James Bond cover art goes on display

LONDON (AP) - April 21, 2008

A new exhibition of 007 book covers charts the changing image of the suave British spy and his world of fast cars, luxury casinos and alluring women.

Ranging from the 1950s to the present day and spanning the globe - there are Bond books in English, German, Japanese, Greek, Hebrew and even an Italian comic-book version - the artwork reveals how Bond's unique brand of glamour has been adapted to widely differing times and places.

"The books have been in print since they were first published, and have now been printed in almost every language," said Selina Skipwith, curator of "Bond Bound: Ian Fleming and the Art of Cover Design." The show opens Tuesday at the Fleming Collection gallery in London.

She said the covers "are a great survey of taste, and of what was permissible. The U.S. is much happier with guns, while the Europeans are much more relaxed about nudity."

The earliest cover, from the 1955 paperback edition of Bond's debut, "Casino Royale," shows a strangely bland Bond, bow-tied and with a carnation in his buttonhole, seated at a poker table.

Later covers are slicker and racier - near-naked women, gleaming guns and glimmering diamonds are popular motifs.

"Once you get into the late '60s, the covers get more and more glamorous," Skipwith said. "Then with the rise of feminism, the glamorous ladies disappear."

But only for a time. The newest covers in the show - Michael Gillette's designs for an upcoming Penguin reissue of the series - feature naked female forms, stylized and given a deliberately retro feel.

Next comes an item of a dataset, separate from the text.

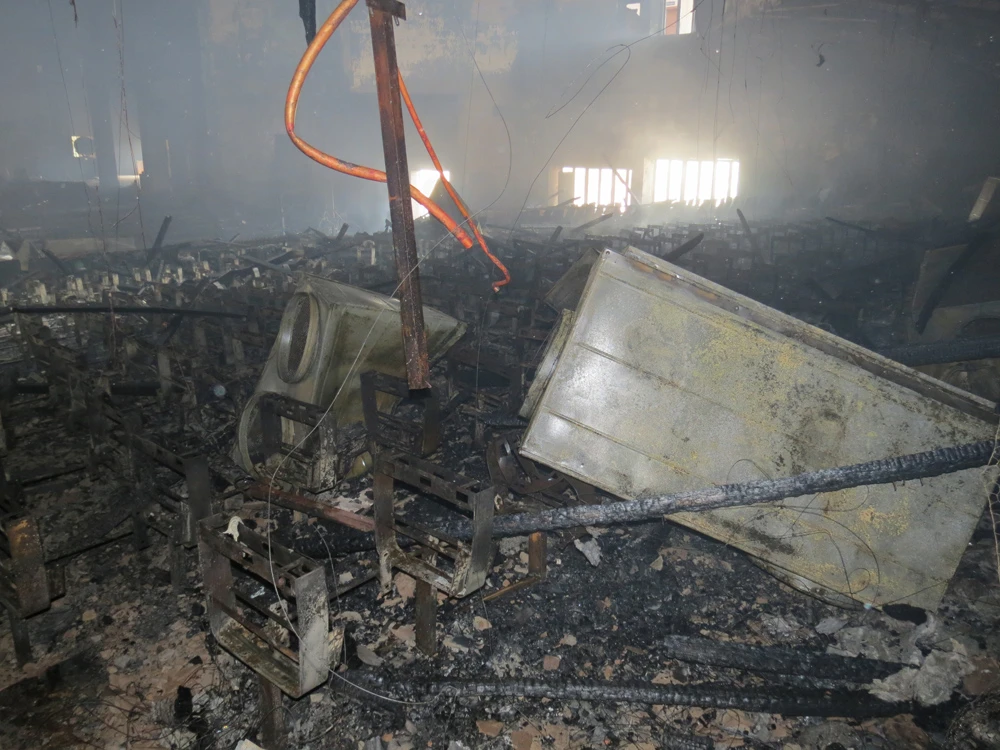 Hiện trường sau vụ cháy là đống đổ nát, không khí ngột ngạt, nhiều mùi khét lẹt. Gần như nội thất của toàn bộ tòa nhà rộng mấy nghìn mét vuông và cao trên 20 mét bị thiêu rụi hoàn toàn.

The exhibition is one of several events marking the centenary of the birth of Bond's creator, Ian Fleming. It is being staged at the Fleming Collection, a gallery in London's affluent Mayfair district - Bond would feel right at home - which houses art from Flemings investment bank, founded by the writer's grandfather.

Drawing on Fleming memorabilia from collectors around the world, the exhibition also includes film posters, original manuscript pages, correspondence between Fleming and his publishers, and letters to readers. The items reveal Fleming to have been both conscientious and playful at answering fan mail.

In one letter, he reassures a worried reader that Bond - poisoned with blowfish venom in the cliffhanger ending of "From Russia With Love" - will soon be fit for duty. Meanwhile, a fan letter from Playboy publisher Hugh Heffner suggests Bond - or Fleming himself - might like to pay a visit to the Playboy Mansion.

Ajay Chowdhury, editor of Bond fan magazine Kiss Kiss Bang Bang, welcomed the exhibition's focus on Fleming's books, overshadowed by the hugely popular film franchise and often dismissed - even by Fleming himself - as mere potboilers.

"We think of Bond in terms of the films but the root of it is in the novels," Chowdhury said. "They are not just action techno-thrillers. They are very much about relationships. Fleming disparaged them as mere thrillers, but he put a lot of his soul in them."

"Bond Bound" is at the Fleming Collection in London until June 28, and will travel to Edinburgh, Scotland, New York and Los Angeles later this year.